> What to work on
Starting with the line with "This census involved" in the entries below and going on through the line with "Landslagssjef Sjur Robert", output every line exactly and nothing more. No pictures.

[[ Records to process open ]]

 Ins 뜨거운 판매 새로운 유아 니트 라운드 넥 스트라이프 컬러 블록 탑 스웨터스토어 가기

[[ Records to process closed ]]
[[ Records to process open ]]

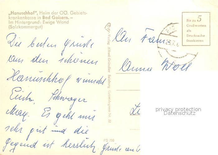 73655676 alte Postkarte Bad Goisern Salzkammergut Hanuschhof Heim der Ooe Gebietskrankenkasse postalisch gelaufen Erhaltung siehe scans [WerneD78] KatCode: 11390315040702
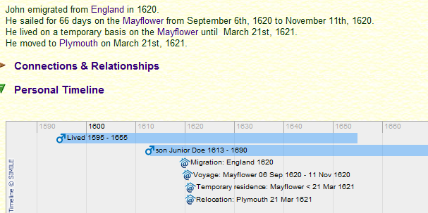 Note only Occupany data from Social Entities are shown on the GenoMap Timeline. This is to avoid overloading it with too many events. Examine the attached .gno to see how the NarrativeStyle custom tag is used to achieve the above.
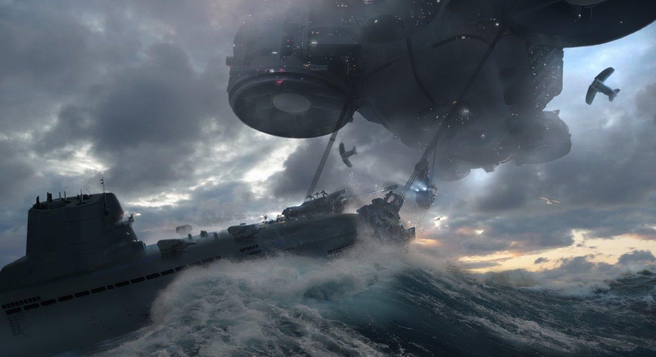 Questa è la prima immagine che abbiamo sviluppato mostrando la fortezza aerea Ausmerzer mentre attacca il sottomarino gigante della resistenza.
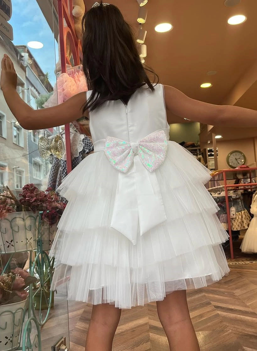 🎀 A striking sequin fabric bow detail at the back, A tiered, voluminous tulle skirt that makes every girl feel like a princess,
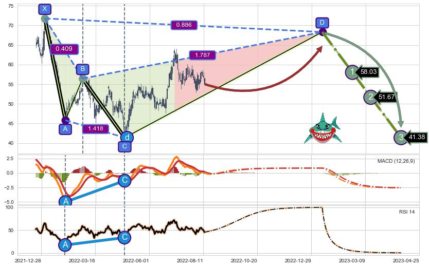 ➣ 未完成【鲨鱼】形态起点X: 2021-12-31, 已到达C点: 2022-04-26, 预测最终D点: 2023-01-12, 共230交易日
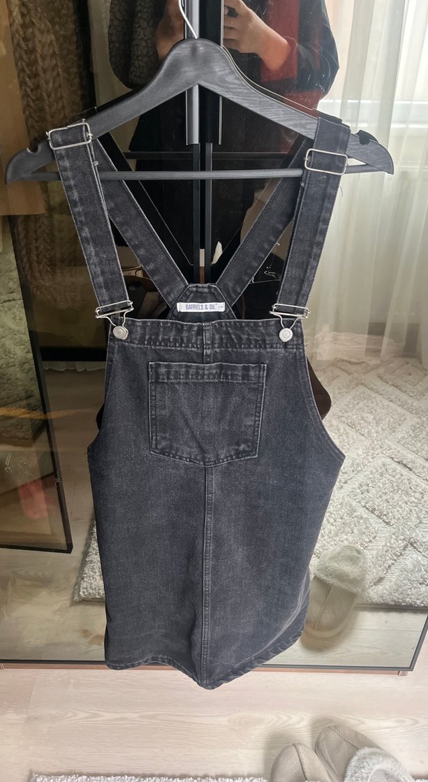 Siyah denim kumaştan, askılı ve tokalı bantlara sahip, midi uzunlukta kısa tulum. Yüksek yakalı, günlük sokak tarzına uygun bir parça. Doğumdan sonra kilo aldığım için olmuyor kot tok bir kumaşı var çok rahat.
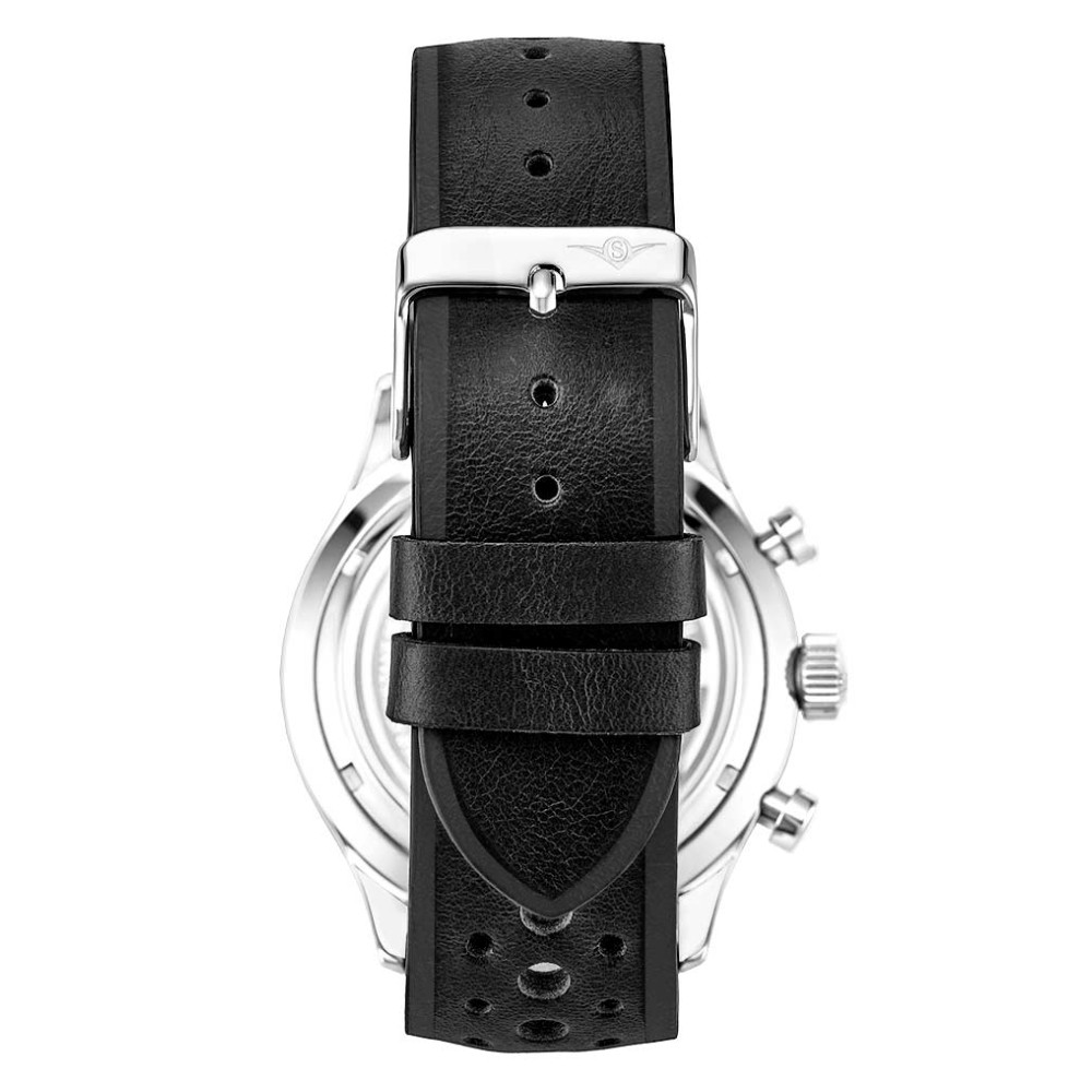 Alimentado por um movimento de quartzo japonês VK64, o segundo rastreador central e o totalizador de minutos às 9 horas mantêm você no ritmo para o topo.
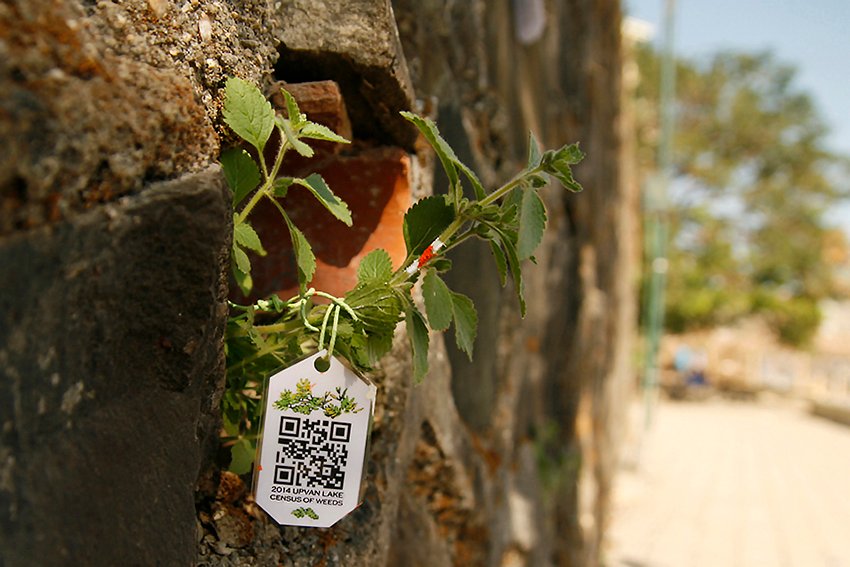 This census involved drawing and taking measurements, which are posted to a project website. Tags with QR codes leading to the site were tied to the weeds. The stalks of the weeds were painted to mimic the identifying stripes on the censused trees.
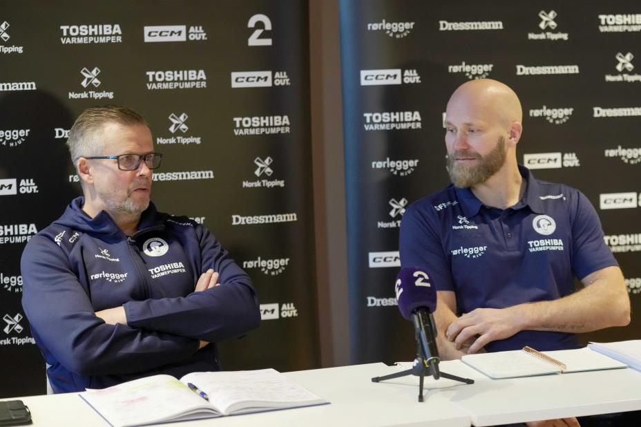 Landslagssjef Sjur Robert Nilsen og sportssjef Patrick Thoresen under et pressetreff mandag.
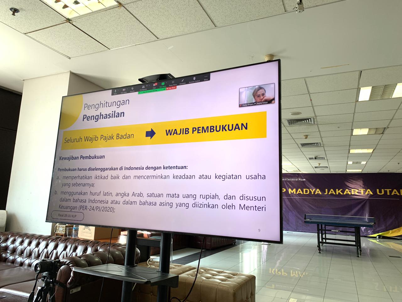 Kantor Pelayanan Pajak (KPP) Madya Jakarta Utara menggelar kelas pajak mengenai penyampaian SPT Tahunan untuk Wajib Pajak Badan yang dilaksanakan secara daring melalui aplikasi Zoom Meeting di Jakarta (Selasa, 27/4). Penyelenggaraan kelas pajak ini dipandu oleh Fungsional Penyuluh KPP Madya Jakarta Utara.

[[ Records to process closed ]]

> Task result
 This census involved drawing and taking measurements, which are posted to a project website. Tags with QR codes leading to the site were tied to the weeds. The stalks of the weeds were painted to mimic the identifying stripes on the censused trees.
 Landslagssjef Sjur Robert Nilsen og sportssjef Patrick Thoresen under et pressetreff mandag.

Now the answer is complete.